Beyond Words - Language Blog

Evaluating Machine Translation:The Present and Future of Multilingual Search

A recent study conducted by researchers at The University of Granada’s School of Translation and Interpretation attempts to analyze and evaluate the results of machine translations done with popular online tools such as Google Translator, Promt, and WorldLingo. The study was published in this month’s issue of Translation Journal, and it raised interesting questions for me about the possible uses for online machine translation.

Looking at the findings, it should come as no surprise that all of the machine translation tools produced poor results in terms of the number of errors, or that after the translations passed through a round of human editing, the number of errors were drastically reduced. What is interesting, though, is that certain online tools performed better than others, and specific language combinations produced varying results. The graph below shows results from German into Spanish (the researchers used EvalTrans Software). The best translation machine is the one showing the lowest word error percentage (WER). Check out the study for more charts and an explanation of the sentence error rate (SER).

Doctors Lola García-Santiago and María-Dolores Olvera-Lobo do a thorough job of laying out the methodology that they followed, and of acknowledging the difficulties inherent to such studies. They write that,

Evaluation of machine translation is an unresolved research problem that has been addressed by numerous studies in recent years. The most extensively used assessment tools are classified into two major groups: automatic objective methods, and subjective methods (Tomás, Mas & Casacuberta, 2003). The objective evaluation methods compare a set of correct translations of reference against the set of translations produced by the translation software under evaluation. The units of measurement most often used work at the lexical level, comparing strings of text.

For García-Santiago and Olvera-Lobo, a possible solution to the challenge of multilingual information retrieval lies in the potential of cross-language Question-Answering Systems (QA Systems). Their model takes into account only the scope of this particular study, but it led me to think in terms of potential multilingual data retrieval for the internet as a whole. Considering the amount of information being created and stored online, it simply isn’t possible for every document that a searcher might find useful (web page, journal article, etc) to be translated into the language that every searcher speaks. Rather than focus on whole documents, García-Santiago and Olvera-Lobo’s cross-language QA System is very much in tune with the current trend in online technology that aims to improve search capability by creating a natural language data retrieval system — one in which questions are entered as search queries and a search engine would retrieve not whole documents, but discreet sections from documents that are found to contain answers to the question. As the researchers put it,

Cross-language question-answering systems can be the solution, as they pursue the search for a minimal fragment of text, not a complete document.
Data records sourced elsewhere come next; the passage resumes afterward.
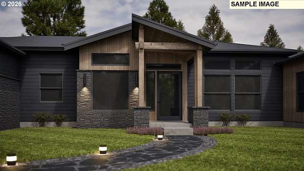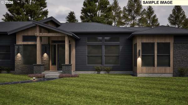 Discover this exceptional contemporary home offering 3,092 sq ft of spacious living on a beautiful 1.99-acre lot. This thoughtfully designed residence features 4 bedrooms and expansive main living areas with soaring 12-foot ceilings, creating an open, light-filled atmosphere throughout.The luxurious primary suite is a true retreat complete with dual vanities, a soaking tub, walk-in shower and an impressive 15x11 walk-in closet. A conveniently located utility room off the primary suite adds everyday functionality.The open-concept modern kitchen is perfect for entertaining and includes a gas range, large island and oversized walk-in pantry. The hall bath offers double sinks, while a stylish powder room off the mudroom provides easy access from the 3-car garage.Secondary bedrooms are generously sized at 15x12 with Bedrooms 2 and 3 featuring walk-in closets. Bedroom 4 offers flexibility as a den, home office or guest room.Enjoy exceptional outdoor living with a huge 18x16 patio plus an additional 26x16 covered patio, ideal for entertaining or relaxing. The vaulted front porch adds curb appeal while the home's sleek modern design makes it a rare gem in today's market.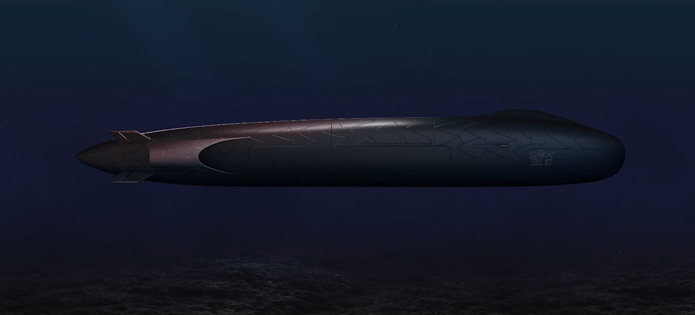 The SMX31E could also serve as a mothership for a plethora of Autonomous Underwater Vehicles/Unmanned Underwater Vehicles (AUV/UUV) of varying sizes. Two large mission bays will host large AUV, while additional smaller vessels could be carried in the weapon storage. The SMX31E will feature torpedo tubes and be able to carry up to 24 heavyweight torpedoes or a mix of weapons and unmanned assets. Thanks to such capabilities, Naval Group estimates that the concept submarine could have up to ten times the surveillance capability of a BARRACUDA-class boat.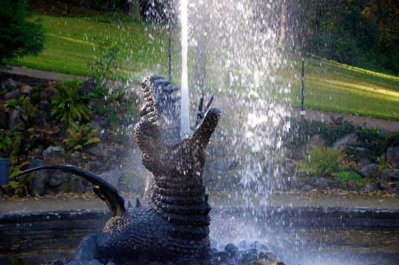 - Das Denkmal SPEIENDE UNGEHEUER LINDWURM im Schlosspark zu Ballenstedt im Harz.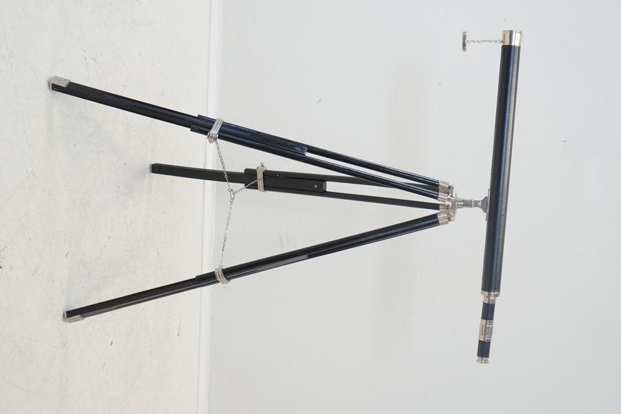Tubkikare, skinn/metall på stativ, trä, höj/sänkbart.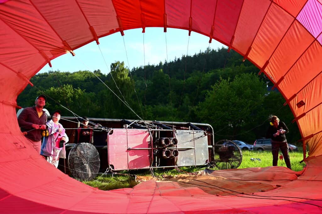 This is the part that surprises everyone. The envelope is spread across the grass like a sleeping giant. Fans fill it with cold air, then the burner roars and the fabric rises. You’re invited to help hold the envelope open and watch it take shape from the inside. It’s hands-on, exciting, and makes for some of the best photos of the day.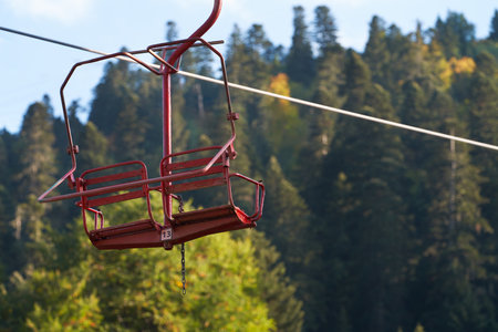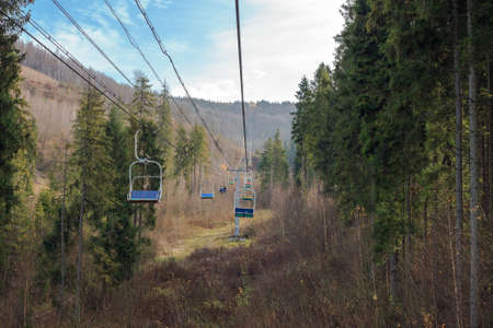 Skole, Ukraine - 03 November 2018: Old ski lifts ride through pine forest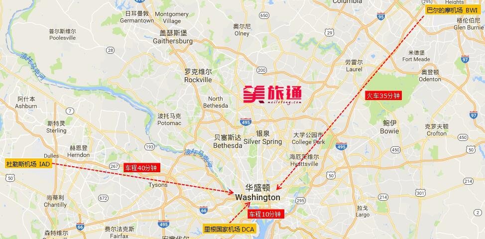 位于巴尔的摩市南郊,距离华盛顿特区45英里,飞这里的机票一般较便宜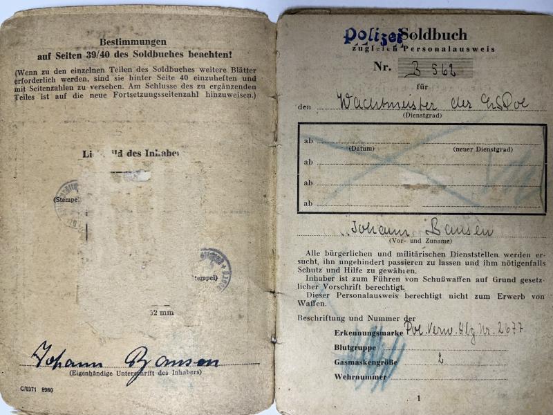 "Polizei" Solbuch and Wehrpass of "Wachtmeister der Schutzpolizei" Johann Bansen who served within the "Luftschutzpolizei" under command of "Kommando der Schutzpolizei Hanburg".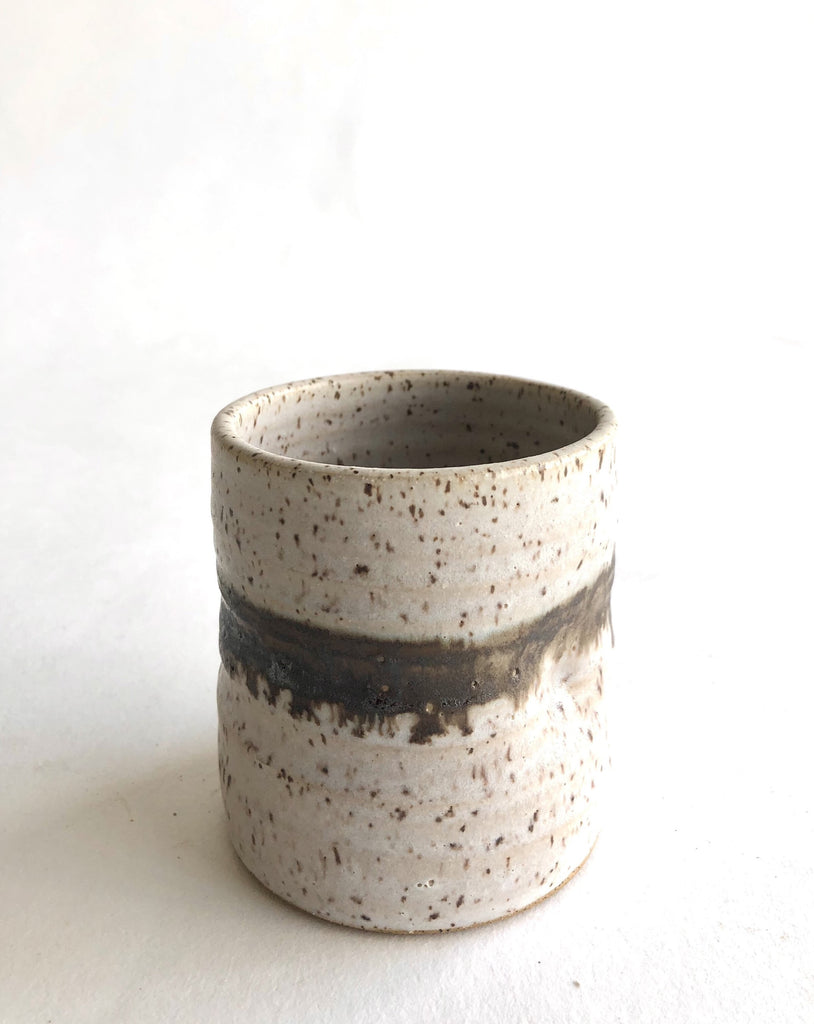 Gorgeous speckled tumbler by artist Gina DeSantis that is perfect for your favorite beverage. Each tumbler has a thumb nook for comfortable grip.

This would enable the evolution of the Semantic Web, towards which we are already headed, to deal properly with multilingual content. With the rise of internet use and website creation in China and throughout the developing world, the web has the potential to become a universal source of research and knowledge; however, that can’t happen until we deal with the basic question of language. For professionals in the language industry, the question is amplified a bit: who will be the ones opening up the web to cross-linguistic data retrieval, humans or machines? I suspect that the simple answer is both.

As more research is conducted, and the developers behind the powerful online translation tools continue to improve their machines (which, in Google’s case, they are already doing with the help of everyone who uses the tool and suggests better translations or participates in their Translator Toolkit) we will likely see a hybrid effort with developers and professional translators working together to break language barriers online.

In the meantime, while these advances are being made behind the tech and academic scenes, Language Service Providers are trying new and interesting ways to combine human and machine translation efforts to improve business. Several large scale translation agencies offer free machine translation services through their websites, or by developing tools for web publishers. In most cases, these tools are provided to increase the number of visitors to their corporate sites, and to increase brand visibility. Since the quality of machine translation remains so low, all professional translation jobs must be handled by human translators, and the free tools are just a way to get people in the door, so to speak.

Other translation companies have developed tools that provide machine translation for web publishers to place on their sites, making it easy for a visitor to switch between English, Japanese, German, or even Welsh. The downside, of course, is low quality. Translation tools that offer only automated translation are good first steps for web publishers who can’t afford to pay professionals to do it right, but the multilingual visitor will get no more than the gist of the content. For our own part, ALTA’s developers are working on a side project called Virtual Language that combines the usability of the major automated translation services with a web analytics feature that shows how many times a site was translated, and which languages were chosen. In addition to site translation data, Virtual Language will offer suggestions on the best translation machines for certain language combinations, as determined by our own team of professional translators using the EvalTrans software in much the same way that the researchers from The University of Granada conducted their study. This insight from professional translators will help developers, users, and publishers with quantitative data on machine translation quality, and the web analytics provide hard data displayed in charts like the following:

By providing this analytics platform to bloggers and business sites we hope to encourage publishers to seek professional translation. It is data that can be used to justify the quality investment of using professionals to translate online content. We think of it as harnessing the power of machines to help provide work for humans, and as most translators would probably agree, we’d like to see a future that keeps the balance that way. As technological advances continue to improve the way we conduct research, do business, and get media online, multilingual search will undoubtedly become an integral aspect of the work we do.